Bosnian Austrians Bosanski Austrijanci

Total population
- 223,000 (2023)

Regions with significant populations
- Vienna, Graz, Salzburg, Linz, Wels, Villach, Klagenfurt;

Languages
- Bosnian · Serbian · Croatian · Austrian German

Religion
- Sunni Islam, Orthodox Christianity, Roman Catholicism

Related ethnic groups
- Other South Slavic peoples

= Bosnian Austrians =

Ethnic group in Austria

Bosnian Austrians are citizens of Austria whose ancestry can be traced to Bosnia and Herzegovina.
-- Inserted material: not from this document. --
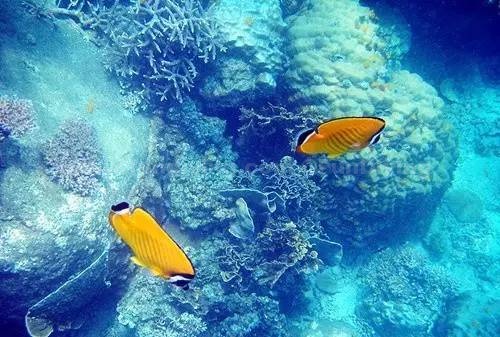 由于有着天然珊瑚礁长堤的护卫,这里浪很小,鱼儿在珊瑚礁中毫无顾忌地生长。带上鱼食,戴好浮潜装备,纵身蓝色怀抱,就有无数的鱼儿围着你打转。海水非常清澈,在水下可以看到射入海底的缕缕阳光,水下的一切都是那么清楚,美丽的珊瑚礁,与人共舞的鱼群,都看得清清楚楚。

The vast majority of Bosnians emigrated to Austria during and after the Bosnian War of the 1990s, though a large number emigrated as early as the 19th century.

==Communities==
The largest Bosnian communities in Austria are found in Vienna, Graz, Linz and Wels; followed by Salzburg, Villach and Klagenfurt.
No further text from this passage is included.